## Dataset entries
────────────────────

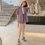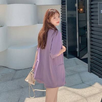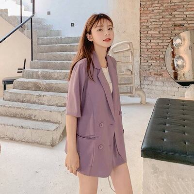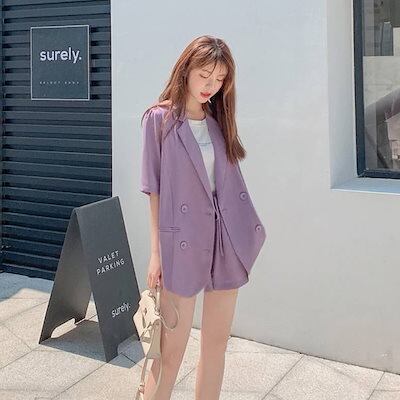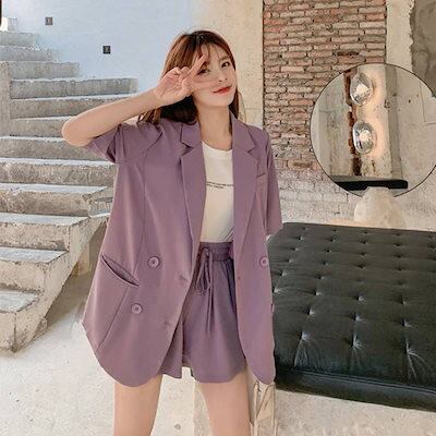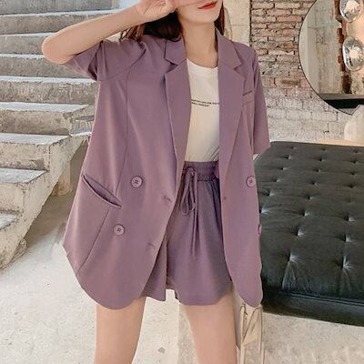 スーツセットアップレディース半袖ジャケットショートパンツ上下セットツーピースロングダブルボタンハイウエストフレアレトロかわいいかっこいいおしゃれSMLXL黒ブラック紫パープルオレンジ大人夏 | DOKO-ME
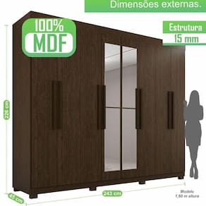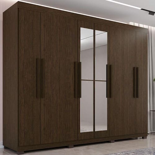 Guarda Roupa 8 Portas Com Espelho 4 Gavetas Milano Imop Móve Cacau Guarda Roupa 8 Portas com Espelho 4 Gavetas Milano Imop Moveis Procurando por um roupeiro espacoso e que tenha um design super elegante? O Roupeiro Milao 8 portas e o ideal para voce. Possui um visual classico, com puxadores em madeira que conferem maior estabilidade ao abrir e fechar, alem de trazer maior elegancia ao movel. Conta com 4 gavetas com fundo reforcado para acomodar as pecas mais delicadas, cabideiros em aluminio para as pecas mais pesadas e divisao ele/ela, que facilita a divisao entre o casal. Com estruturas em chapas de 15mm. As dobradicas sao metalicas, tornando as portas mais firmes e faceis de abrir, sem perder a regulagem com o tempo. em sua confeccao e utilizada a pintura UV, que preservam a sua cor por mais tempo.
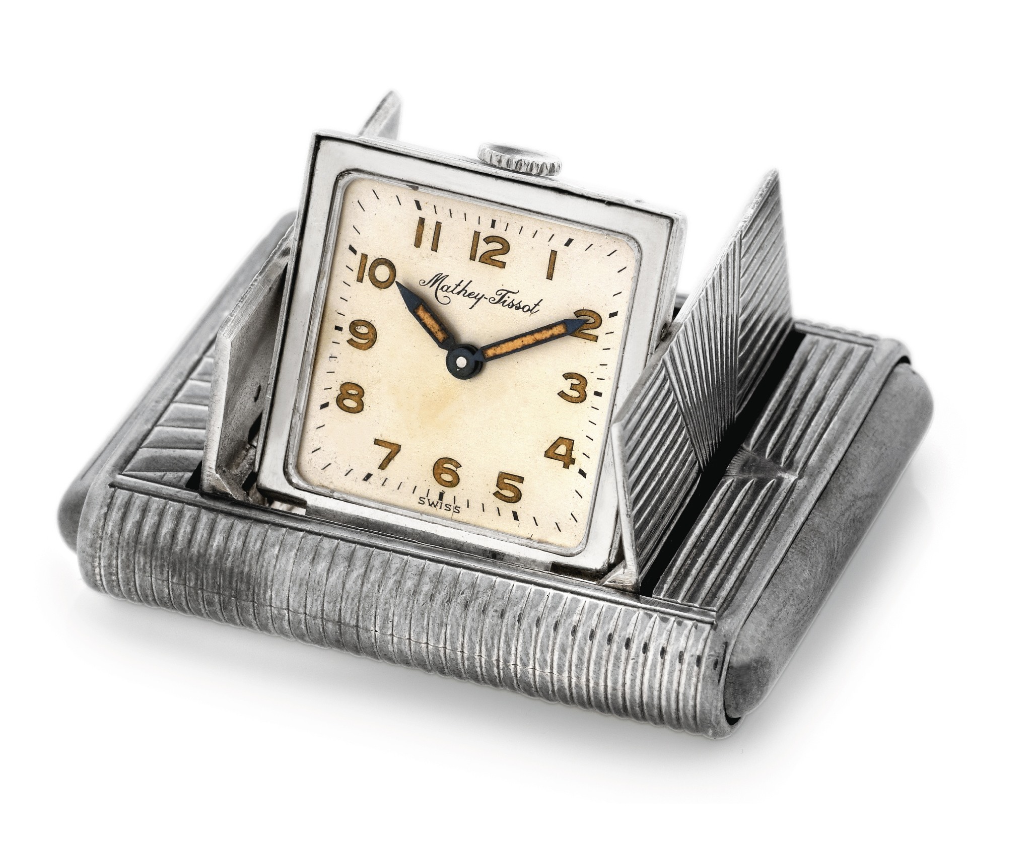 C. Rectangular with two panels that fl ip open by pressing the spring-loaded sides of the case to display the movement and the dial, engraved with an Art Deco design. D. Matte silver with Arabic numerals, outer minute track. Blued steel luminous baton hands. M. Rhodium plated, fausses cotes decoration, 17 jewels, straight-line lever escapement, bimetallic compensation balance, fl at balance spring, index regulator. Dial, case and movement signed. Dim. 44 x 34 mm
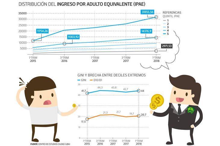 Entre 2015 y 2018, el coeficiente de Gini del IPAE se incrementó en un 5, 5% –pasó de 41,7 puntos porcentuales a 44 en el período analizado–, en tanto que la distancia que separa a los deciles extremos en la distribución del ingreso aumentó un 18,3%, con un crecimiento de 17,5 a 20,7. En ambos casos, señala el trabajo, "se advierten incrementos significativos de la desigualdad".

────────────────────

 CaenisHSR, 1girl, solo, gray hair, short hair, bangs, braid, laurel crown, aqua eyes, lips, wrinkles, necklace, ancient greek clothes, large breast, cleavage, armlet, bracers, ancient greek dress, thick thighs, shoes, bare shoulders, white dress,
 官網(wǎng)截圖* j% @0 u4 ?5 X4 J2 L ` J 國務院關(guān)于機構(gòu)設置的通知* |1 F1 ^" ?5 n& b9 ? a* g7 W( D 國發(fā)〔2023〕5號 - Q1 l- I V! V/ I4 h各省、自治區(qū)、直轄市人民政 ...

────────────────────

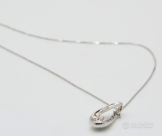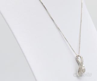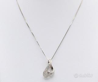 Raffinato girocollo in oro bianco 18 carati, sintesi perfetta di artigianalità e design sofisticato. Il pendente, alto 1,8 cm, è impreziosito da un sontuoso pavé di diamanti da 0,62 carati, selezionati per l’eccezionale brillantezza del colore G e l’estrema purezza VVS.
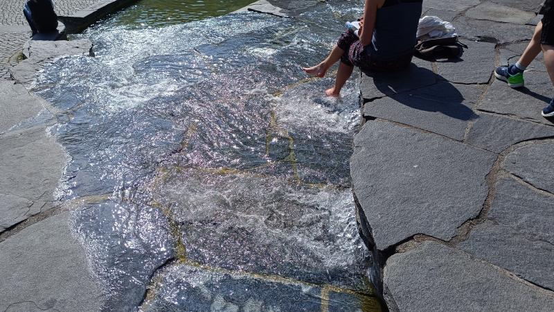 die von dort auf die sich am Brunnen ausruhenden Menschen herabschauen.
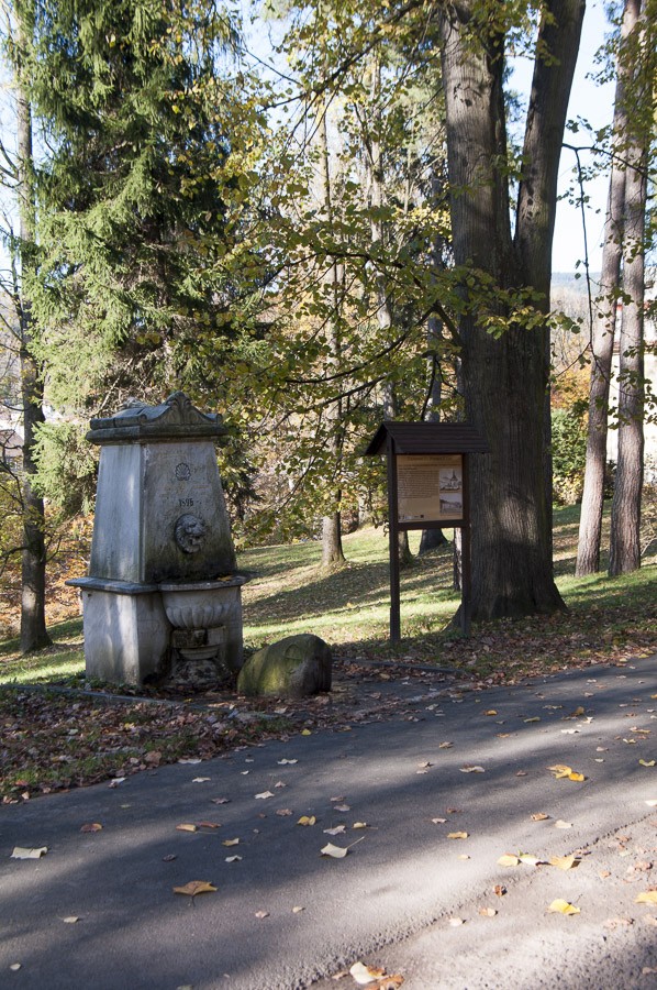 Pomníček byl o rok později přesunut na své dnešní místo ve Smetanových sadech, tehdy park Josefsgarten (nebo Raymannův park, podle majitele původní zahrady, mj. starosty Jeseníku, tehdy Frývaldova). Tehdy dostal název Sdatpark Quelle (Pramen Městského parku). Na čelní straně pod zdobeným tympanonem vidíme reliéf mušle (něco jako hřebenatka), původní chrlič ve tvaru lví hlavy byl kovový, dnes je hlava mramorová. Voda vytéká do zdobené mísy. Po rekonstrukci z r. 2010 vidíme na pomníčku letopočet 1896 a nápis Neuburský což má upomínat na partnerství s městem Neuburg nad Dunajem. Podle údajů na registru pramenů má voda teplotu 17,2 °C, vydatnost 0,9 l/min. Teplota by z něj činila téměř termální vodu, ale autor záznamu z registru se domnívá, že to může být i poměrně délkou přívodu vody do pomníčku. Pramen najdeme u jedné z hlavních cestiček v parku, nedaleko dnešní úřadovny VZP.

────────────────────

## Brief
Everything above from the line containing "Raffinato girocollo in" down to the line containing "Pomníček byl o" is to be duplicated exactly, both lines included, and the pictures are to be omitted.

## The answer
 Raffinato girocollo in oro bianco 18 carati, sintesi perfetta di artigianalità e design sofisticato. Il pendente, alto 1,8 cm, è impreziosito da un sontuoso pavé di diamanti da 0,62 carati, selezionati per l’eccezionale brillantezza del colore G e l’estrema purezza VVS.
 die von dort auf die sich am Brunnen ausruhenden Menschen herabschauen.
 Pomníček byl o rok později přesunut na své dnešní místo ve Smetanových sadech, tehdy park Josefsgarten (nebo Raymannův park, podle majitele původní zahrady, mj. starosty Jeseníku, tehdy Frývaldova). Tehdy dostal název Sdatpark Quelle (Pramen Městského parku). Na čelní straně pod zdobeným tympanonem vidíme reliéf mušle (něco jako hřebenatka), původní chrlič ve tvaru lví hlavy byl kovový, dnes je hlava mramorová. Voda vytéká do zdobené mísy. Po rekonstrukci z r. 2010 vidíme na pomníčku letopočet 1896 a nápis Neuburský což má upomínat na partnerství s městem Neuburg nad Dunajem. Podle údajů na registru pramenů má voda teplotu 17,2 °C, vydatnost 0,9 l/min. Teplota by z něj činila téměř termální vodu, ale autor záznamu z registru se domnívá, že to může být i poměrně délkou přívodu vody do pomníčku. Pramen najdeme u jedné z hlavních cestiček v parku, nedaleko dnešní úřadovny VZP.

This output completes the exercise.